TASK TO COMPLETE: Transcribe word for word the section of the records below that opens with the line containing "Tiêu thụ khó" and closes with the line containing "Lausli Posted November"; drop every picture.

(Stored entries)

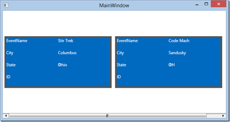 The MainEvent consists almost entirely of a RadTileList. There are two parts to creating this list; the header and the DataTemplate. The header sets the ItemsSource to bind to the Events collection. The data template provides bindings to the event’s name, city, state and id.
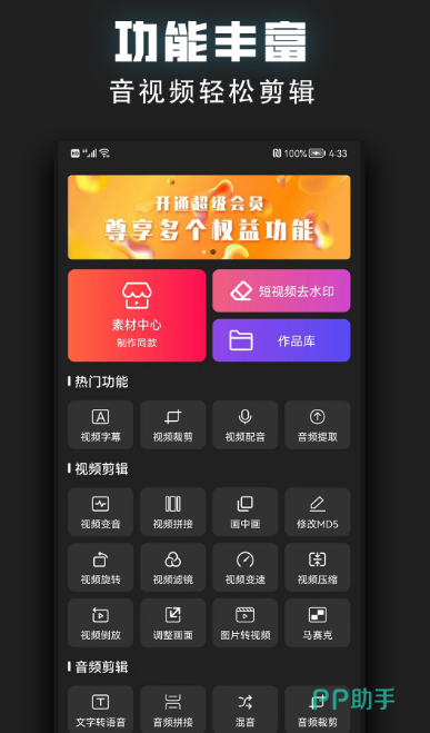 音频视频所有制作模式都能在这里完成,海量特效火爆视频一键去除水印,各类型音频自由剪切制作,可提取意中的内容。
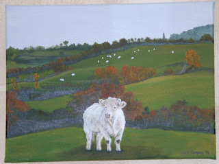 De herfst is hier een prachtig seizoen! Eén van mijn favorietjes! Met zijn prachtig gekleurde landschappen. Erg leuk om te schilderen, dat o zo verschillende kleurenpallet! En dan hier en daar nog die witte stipjes van de koeien verspreidt over de heuvels! I love it!
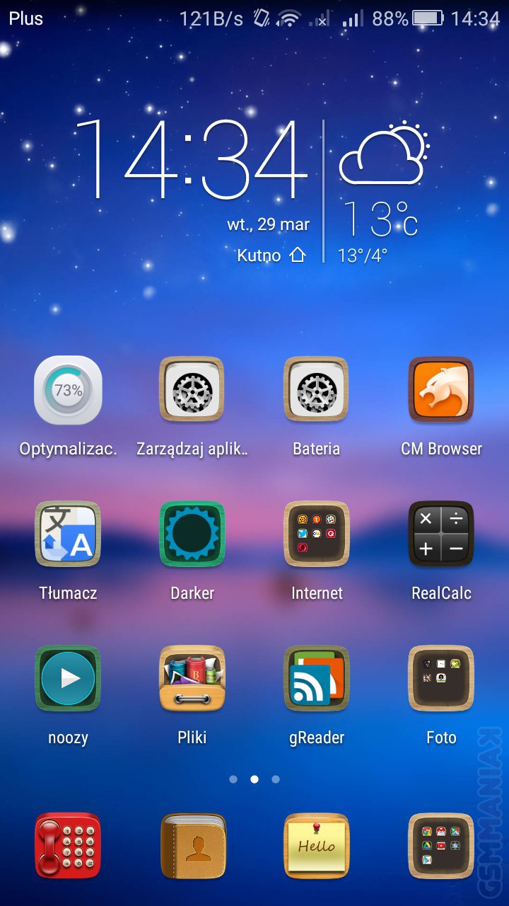Honor 4X to jeden z wielu phabletów na rynku, który pracuje pod kontrolą systemu Google Android (aktualnie w wersji 5.1 Lollipop). Jednak jak na produkt firmy Huawei Honor przystało, jest on przykryty nakładką systemową EMUI (aktualnie w wersji 3.1). Jedną z cech charakterystycznych dla tego oprogramowania jest brak listy aplikacji/app drawera, co szczerze mówiąc wzbudzało mój niepokój jeszcze przed zakupem, gdyż nie byłem ani przyzwyczajony, ani specjalnie przekonany do takiego rozwiązania. Z czasem odkryłem, że bez niego da się normalnie funkcjonować.
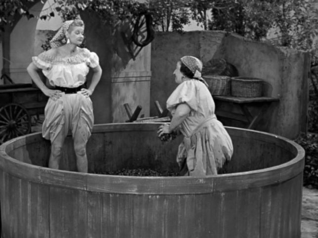 The popular idea of grape stomping being part of the winemaking process can probably be traced back to I Love Lucy. In the 1956 episode Lucy’s Italian Movie, while on a trip to Rome a film producer suggests Lucy audition for his new movie called Bitter Grapes. Lucy thinks it must be about winemaking, so finds the only winery left in the area that still makes wine using grape-stomping so she can practice the technique in advance.
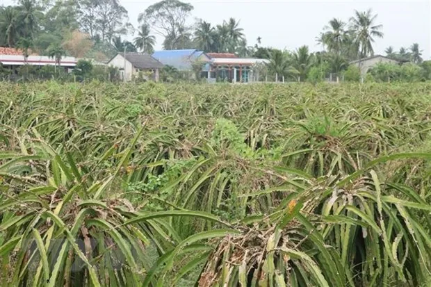 Tiêu thụ khó khăn, nhiều người dân ở Tiền Giang bỏ hoang vườn thanh long. (Ảnh: Bùi Giang/TTXVN)
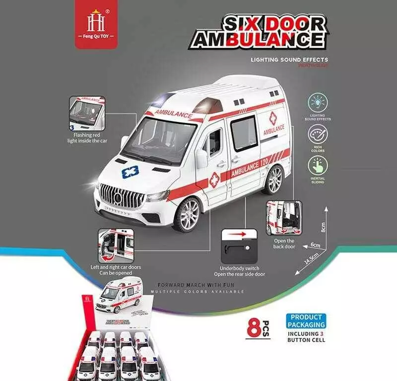 Набір машин 731-37 D (12) ЦІНА ЗА 8 ШТУК В БЛОЦІ, “Швидка допомога”, розмір - 14.5х6х8 см, інерція, звуки, підсвічування, відкр. двері, в коробці
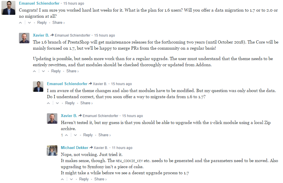 Lausli Posted November 14, 2016 Author Share Posted November 14, 2016 Ich habe geschrieben auf absehbare Zeit. Nicht, dass es das nie oder nicht geben wird. Die Informationen habe ich mir aus dem Forum gezogen. zB. Hier: https://www.prestashop.com/forums/topic/566247-upgrade-prestashop-16-to-17/ https://www.prestashop.com/forums/topic/566247-upgrade-prestashop-16-to-17/?do=findComment&comment=2438320 Link to comment Share on other sites More sharing options...
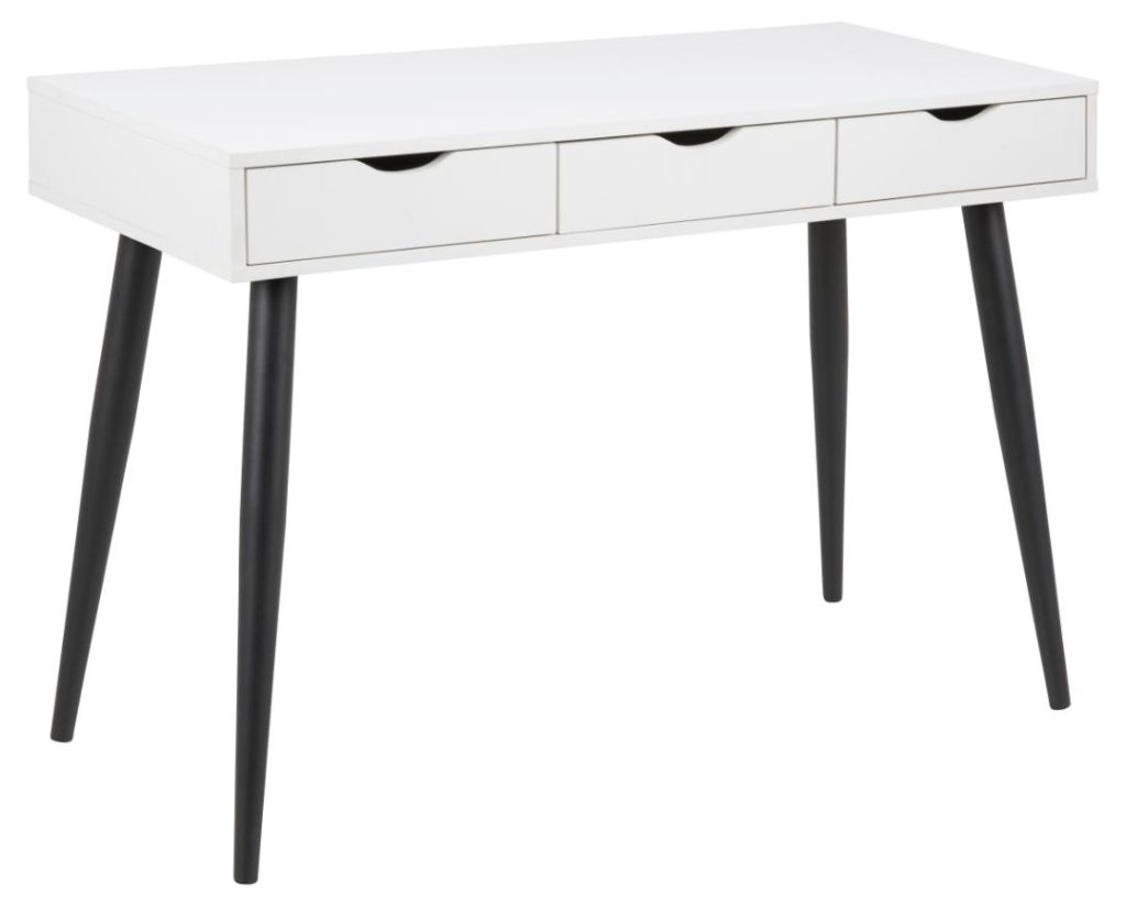 Dit strakke bureau heeft een modern en praktisch ontwerp, met een ruim tafelblad, drie laden voor gemakkelijke organisatie en duurzaam materiaal voor weinig onderhoud. Voorzien van metalen glijders voor soepel openen. Montage vereist.
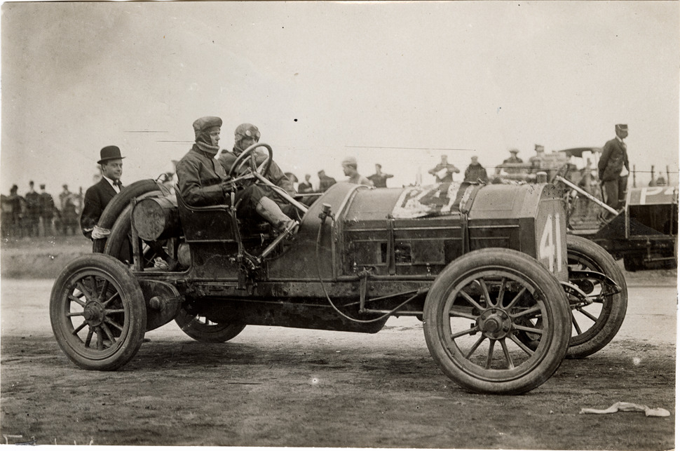 View of driver Willie Haupt and passenger in Chadwick racecar no. 41 during an unidentified race. Stamped on back: "Spooner & Wells, Inc., photographers, telephones 3472-3473 Columbus, 1931 Broadway, New York." Handwritten on back: "Haupt, dr. Chadwick, 08."

OUTPUT OF THE EXERCISE:
 Tiêu thụ khó khăn, nhiều người dân ở Tiền Giang bỏ hoang vườn thanh long. (Ảnh: Bùi Giang/TTXVN)
 Набір машин 731-37 D (12) ЦІНА ЗА 8 ШТУК В БЛОЦІ, “Швидка допомога”, розмір - 14.5х6х8 см, інерція, звуки, підсвічування, відкр. двері, в коробці
 Lausli Posted November 14, 2016 Author Share Posted November 14, 2016 Ich habe geschrieben auf absehbare Zeit. Nicht, dass es das nie oder nicht geben wird. Die Informationen habe ich mir aus dem Forum gezogen. zB. Hier: https://www.prestashop.com/forums/topic/566247-upgrade-prestashop-16-to-17/ https://www.prestashop.com/forums/topic/566247-upgrade-prestashop-16-to-17/?do=findComment&comment=2438320 Link to comment Share on other sites More sharing options...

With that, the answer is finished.